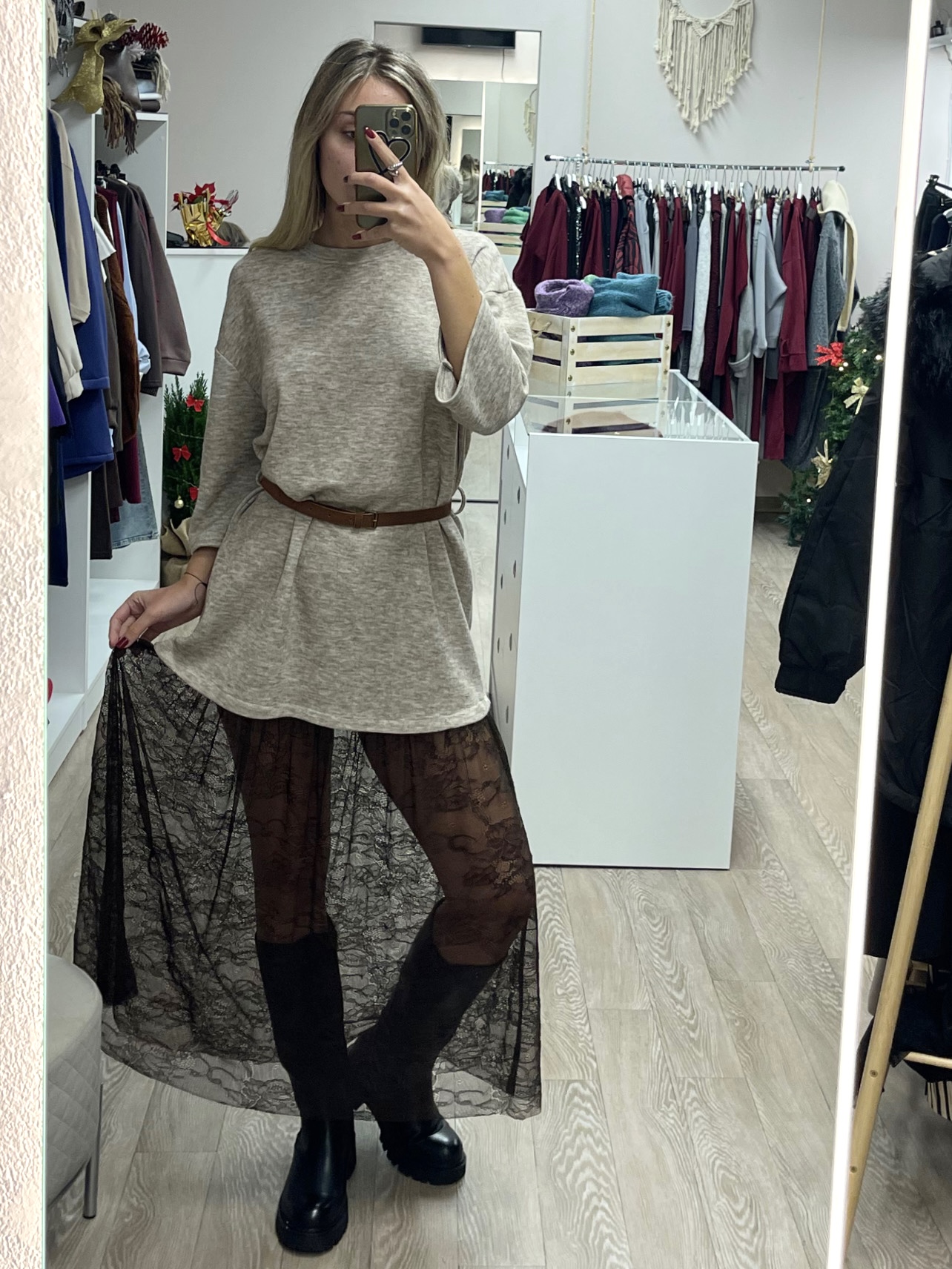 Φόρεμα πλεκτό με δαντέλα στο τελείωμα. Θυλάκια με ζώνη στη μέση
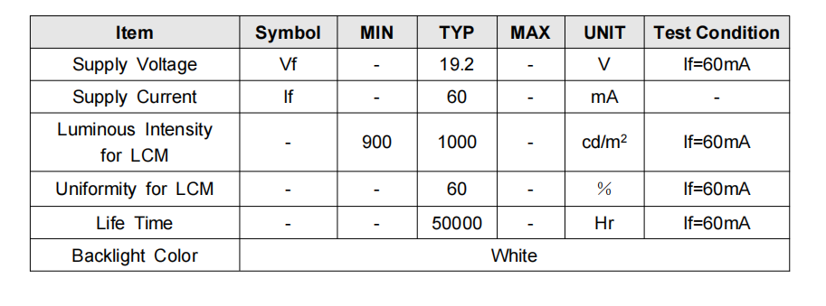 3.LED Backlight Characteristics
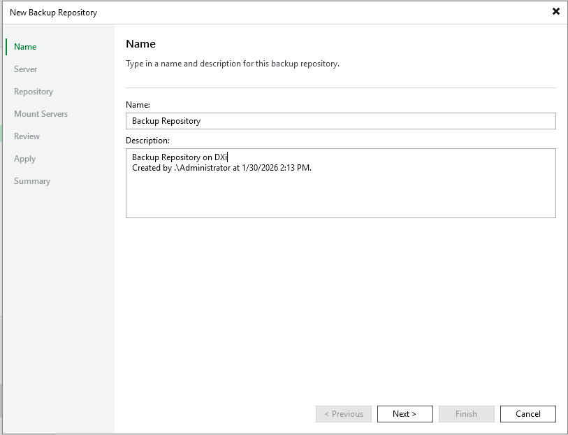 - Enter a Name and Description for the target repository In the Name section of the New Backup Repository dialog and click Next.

**YOUR ASSIGNMENT**
Print the material verbatim; drop the pictures.

**SOLUTION TO THE PROBLEM**
 Φόρεμα πλεκτό με δαντέλα στο τελείωμα. Θυλάκια με ζώνη στη μέση
 3.LED Backlight Characteristics
 - Enter a Name and Description for the target repository In the Name section of the New Backup Repository dialog and click Next.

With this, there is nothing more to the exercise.